婁錦的心咚咚直跳,她驚駭地看著嬤嬤端著一碗湯藥過來。

那個味道,她不陌生。

研究藥理這麼長時間,她一聞這個味道,便明白這是什麼!

“放開!”婁錦抽出封腰的銀針,儘管她尊重賢妃,可此刻,她拔針相向,警惕地看著賢妃娘娘。

賢妃皺眉看著她,卻對著一旁的嬤嬤道:“這藥你喝下去,你無礙,她沾沾邊就醒了。”

嬤嬤微微一愣,她喝這藥確實沒事。

仰頭將那藥喝下,婁錦怔怔地看著這嬤嬤喝下了藥,詫異不已地轉頭看向賢妃。

這是要?

賢妃來不及與她解釋,隻立馬道:“快沾點邊來。”

婁錦此刻放下了戒心,沾了一點邊,卻見那嬤嬤迅速退了下去,躲了起來。

門口處,一小太監走了進來,道:“娘娘,皇上來了。”

“皇上駕到!”幾乎話一落皇上便出現在了花蘭殿裡。

那明黃色的龍袍極為耀眼,他一入內便直直看向婁錦,徑直朝前走來。

威嚴的氣勢,極為強悍和霸道地朝婁錦襲來。

那是一陣凜冽的風,婁錦被他緊緊盯著,那種感覺猶如颶風來襲,而她就在風眼之中。

手下意識地握成了拳,可她並未後退半步。

杏眼不閃,與皇上直接對視。

皇上走近後,逼視著她,道:“你昨晚可有在三皇子的寢宮裡睡了?”

婁錦抿了下脣,她要如何回答?

睡了如何?不睡又如何?

可看皇上極為凝重的臉色,她的眉頭也微微一緊

賢妃見這二人劍拔弩張,立刻道:“她昨兒個在自己的屋子裡睡的。我一早問過華清宮上下了。”

皇上皺了下眉頭,不可能,情報不會有錯。

一股藥香淡淡飄來,皇上朝這室內看去,見桌子前有一個碗,這碗上還有殘留的藥渣。

他大步跨去,拿起那藥碗,再看婁錦脣角那一點點烏黑,心全然放了下去。

這一番追趕,他疲累之極,只擺了擺手,道:“婁錦,回華清宮吧。不該想的事不要想,你是朕賜婚給田笑的女子,莫要忘了你的身份。”

身份?

婁錦微微勾起了笑,她搖頭看向皇上,“三天時日還未到,如若三皇子醒了,我與皇上的協議即刻取消。”

不等皇上說什麼,她便轉身離去。

花蘭殿上下都有些戰戰兢兢,小心翼翼。直到賢妃娘娘讓眾人退下,此時只剩下他們二人,她才開口。

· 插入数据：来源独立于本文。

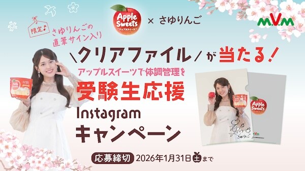 受験生応援 アップルスイーツで体調管理をキャンペーン 特設サイト:https://mvm.co.jp/campaign/jukenouen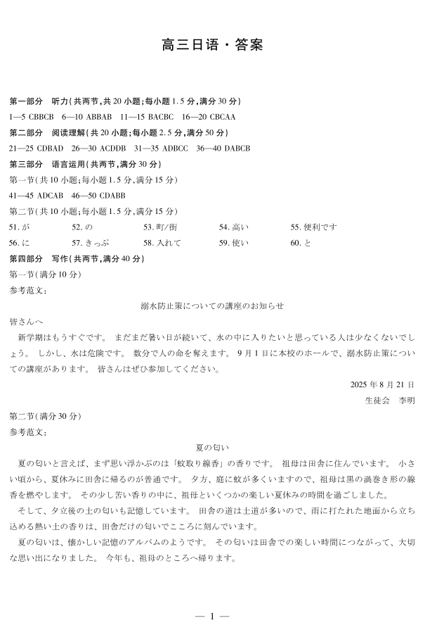 高三日语答案--湖南省天一大联考2026届高三上学期阶段性检测(一)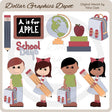 Esta colección incluye escolares con lápices, escolares con mochilas, un lápiz, una pizarra con la palabra "A Is For Apple", un globo terráqueo, una pila de libros con una manzana roja encima, una mochila y un "School Days". " arte de palabras. Este conjunto contiene 10 gráficos.

“你為什麼如此害怕?你忘了三皇子的出生就證明了,不一定都是那樣。自從你聽了別人的話,就這樣小心翼翼。看她明知道沒有結果還沒有放棄三皇子,你怎麼忍心下得了手?”

賢妃喘了一口氣,見皇上的神情很是沉重,彷彿陷入了深深的回憶之中,那種感覺尤為悲涼,卻讓賢妃打心裡疼了起來。

“我知道這些年你對我好,是因著姐姐的託付。可我的兒子他有自己的選擇,你不能如此干涉他。我寧願真是那個結果,他痛去,他恨去,也不要如此折騰他。”

“夠了!”皇上站了起來,怒目而視。

他深吸了一口氣,“我是他父親,他是我最珍視的皇子

。我不能看他與我一樣,一生都在尋找相似的影子。”

賢妃娘娘嘆息著後退了一步,難道現在的義熙不是在找影子嗎?

他起身,徑直朝外走去。

賢妃娘娘低下頭去,心想著,錦兒若是沒懷上孩子,那也好。若是懷上了孩子,當要小心才是。

她定要好好觀察,現在兒子是急不得婁錦了,她這做母親的虧欠了義熙整整二十幾年,他是失憶了,可她相信不久,他便會記得婁錦。

這之前,她一定要替兒子好好保護婁錦。

如此一想,她心中也有了底,此刻正暗暗盤算起來。

婁錦一路上腳步不斷加快。

四周的宮女的說話聲,太監們低垂著頭從身邊經過。哪一宮的妃嬪乘著轎輦而過她都無暇理睬。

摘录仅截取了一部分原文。